People who are constantly denouncing the police, including with demonstrable lies, may think they are showing solidarity with people in the ghettos. But, when police hesitate to go beyond “kinder and gentler” policing, that leaves decent people in black communities at the mercy of hoodlums and thugs who have no mercy.
When conscientious young people, of any race, who would like to help maintain peace and order see that being a policeman means having race hustlers constantly whipping up mob hostility against you — and having opportunistic politicians and the media joining the race hustlers — those young people may well decide that some other line of work would be better for them.

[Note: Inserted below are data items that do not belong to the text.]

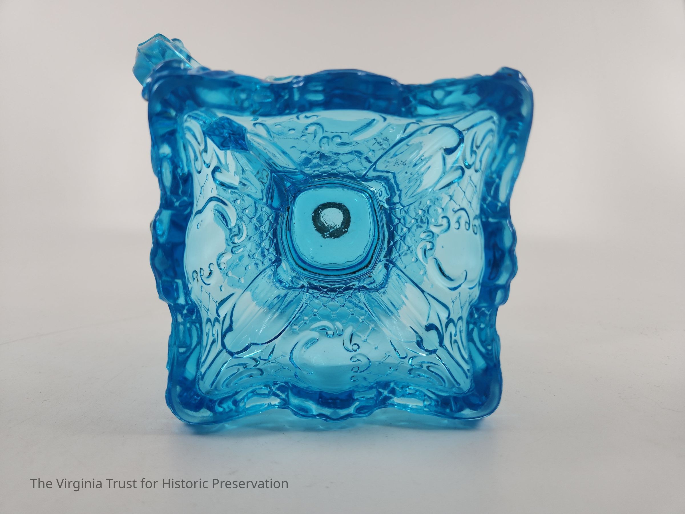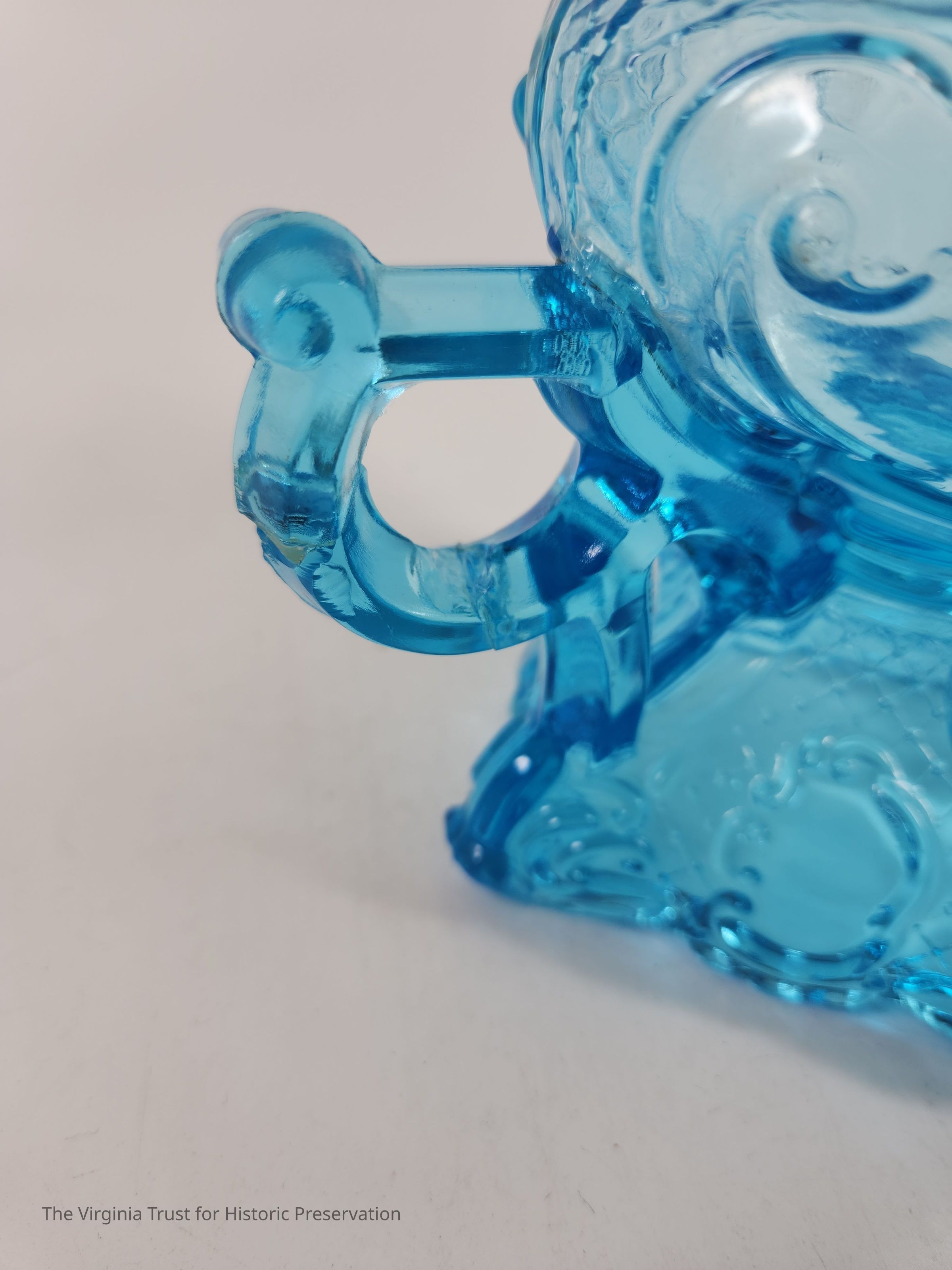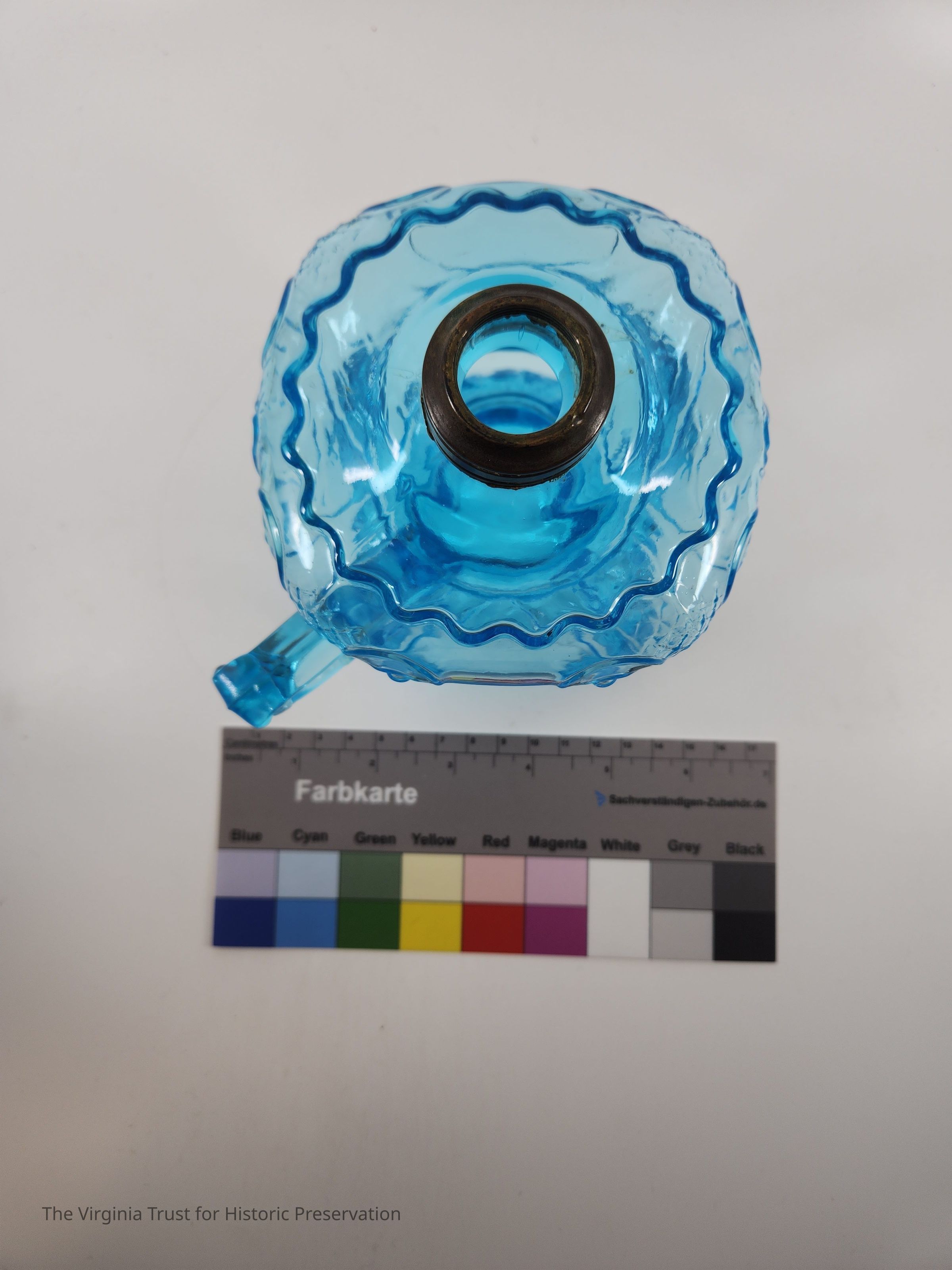 One of a pair of blue pressed glass finger oil lamps. Molded and pressed glass. Decorative foot. Rococo decorations including shields, crosshatching, and scrolls. Metal mount at top, missing lid.
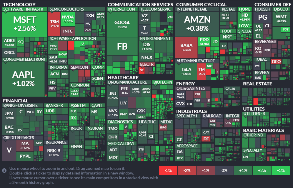 기술주 중심의 상승세가 두드러졌다. 주요 기술주인 팡(FAANG) 종목은 모두 올랐다. 아마존이 2.06% 가장 큰 폭의 상승률을 기록했고 페이스북, 애플, 넷플릭스 모두 1%대 강세를 보였다. 특히 구글은 1.90% 오르며 장중 신고가를 경신했다.
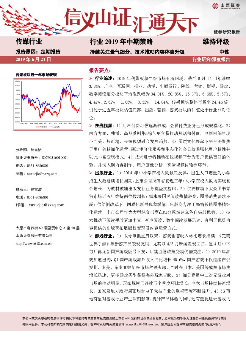 山西证券:传媒行业2019年中期策略:持续关注景气细分,技术推动内容体验升级.pdf

High crime areas need not only the most, but the best, police they can get. Taking cheap shots at cops is not the way to get the people who are needed.
When people who volunteer to put their lives on the line in the military to defend this country, at home and abroad, see their buddies killed on the battlefield, and sometimes themselves come back minus an arm or a leg, or with severe physical and mental damage that they may never get over — and then see some headstrong politician in the White House throw away everything they fought for, and see enemy forces take back places for which Americans shed their blood, that can be galling to them and a deterrent to others who might otherwise take their place in the future.
If we cannot see beyond the moment today, we will pay dearly tomorrow and in many more tomorrows.
How about you? Would you be tough on a terrorist in order to prevent an attack like the one on the Pakistan school? Toughness deters future aggression. Or would you rather let the children die? I don’t have any trouble assessing these alternatives.